§ Data extract
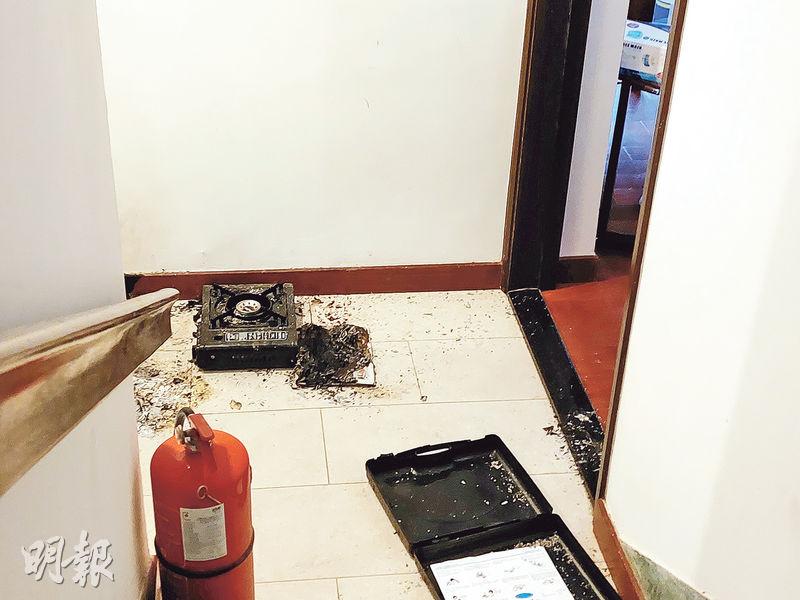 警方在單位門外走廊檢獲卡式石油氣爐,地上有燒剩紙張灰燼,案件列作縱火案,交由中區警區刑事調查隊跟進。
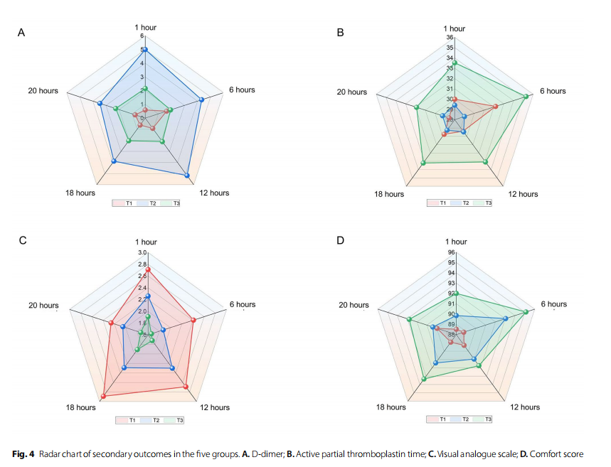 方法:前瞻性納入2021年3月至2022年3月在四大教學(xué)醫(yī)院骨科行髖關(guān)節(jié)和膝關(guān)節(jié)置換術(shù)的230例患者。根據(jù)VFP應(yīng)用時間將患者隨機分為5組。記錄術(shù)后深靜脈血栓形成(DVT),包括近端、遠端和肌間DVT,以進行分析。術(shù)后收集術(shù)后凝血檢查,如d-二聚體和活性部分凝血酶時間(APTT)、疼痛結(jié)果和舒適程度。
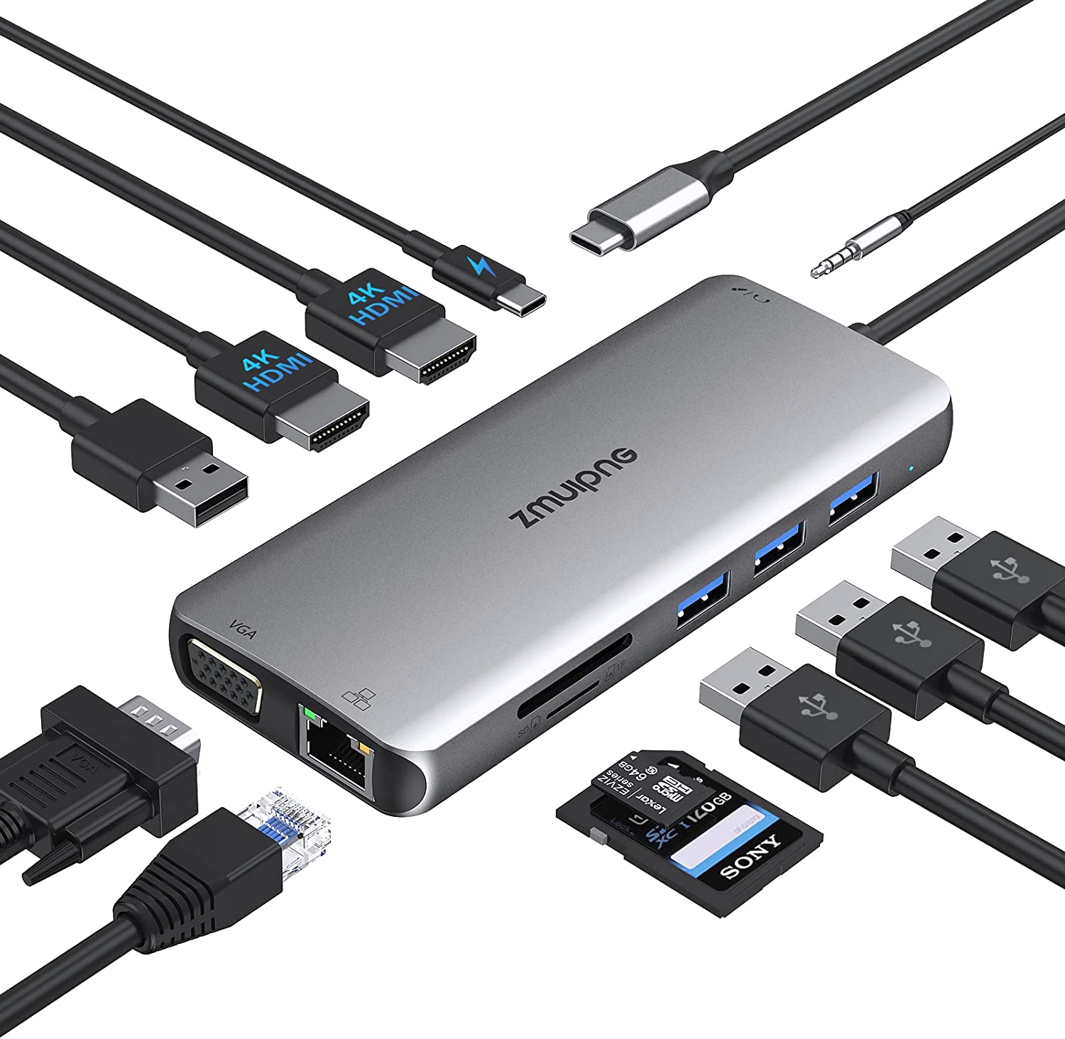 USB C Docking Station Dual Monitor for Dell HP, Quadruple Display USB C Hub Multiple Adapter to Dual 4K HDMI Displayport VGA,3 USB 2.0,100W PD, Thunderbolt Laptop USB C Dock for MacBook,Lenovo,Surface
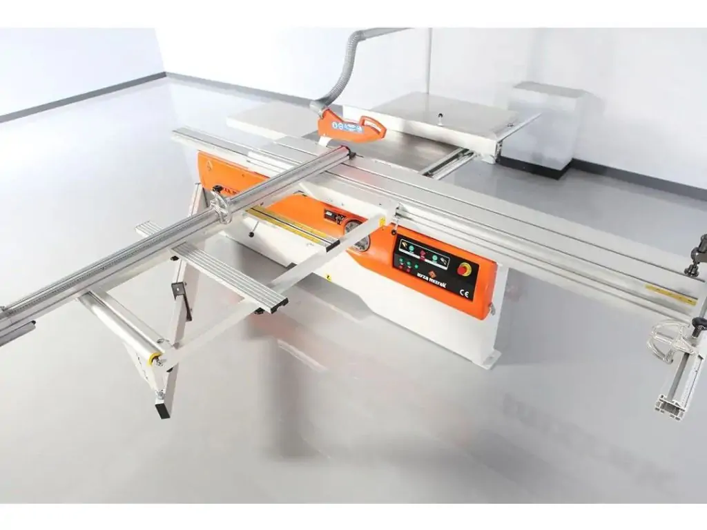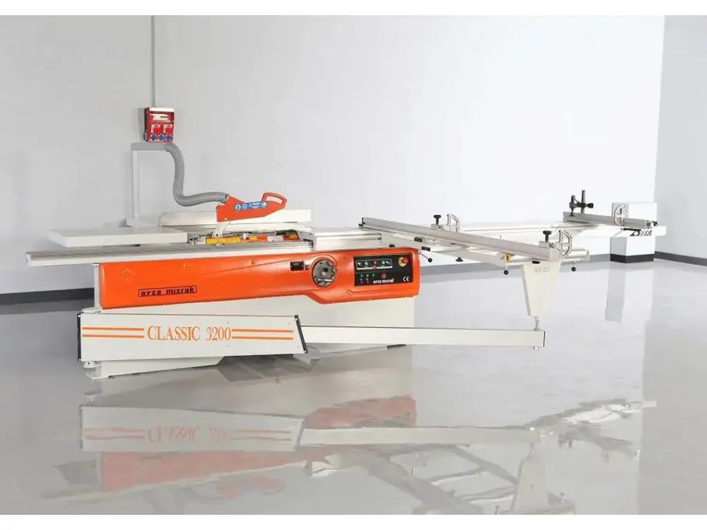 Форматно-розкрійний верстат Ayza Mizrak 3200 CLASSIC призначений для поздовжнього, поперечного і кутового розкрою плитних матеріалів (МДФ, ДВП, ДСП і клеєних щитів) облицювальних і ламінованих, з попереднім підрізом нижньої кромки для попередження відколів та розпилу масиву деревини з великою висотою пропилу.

§ Exercise directions
Pictures aside, print every line of the material exactly.

§ Response area
 警方在單位門外走廊檢獲卡式石油氣爐,地上有燒剩紙張灰燼,案件列作縱火案,交由中區警區刑事調查隊跟進。
 方法:前瞻性納入2021年3月至2022年3月在四大教學(xué)醫(yī)院骨科行髖關(guān)節(jié)和膝關(guān)節(jié)置換術(shù)的230例患者。根據(jù)VFP應(yīng)用時間將患者隨機分為5組。記錄術(shù)后深靜脈血栓形成(DVT),包括近端、遠端和肌間DVT,以進行分析。術(shù)后收集術(shù)后凝血檢查,如d-二聚體和活性部分凝血酶時間(APTT)、疼痛結(jié)果和舒適程度。
 USB C Docking Station Dual Monitor for Dell HP, Quadruple Display USB C Hub Multiple Adapter to Dual 4K HDMI Displayport VGA,3 USB 2.0,100W PD, Thunderbolt Laptop USB C Dock for MacBook,Lenovo,Surface
 Форматно-розкрійний верстат Ayza Mizrak 3200 CLASSIC призначений для поздовжнього, поперечного і кутового розкрою плитних матеріалів (МДФ, ДВП, ДСП і клеєних щитів) облицювальних і ламінованих, з попереднім підрізом нижньої кромки для попередження відколів та розпилу масиву деревини з великою висотою пропилу.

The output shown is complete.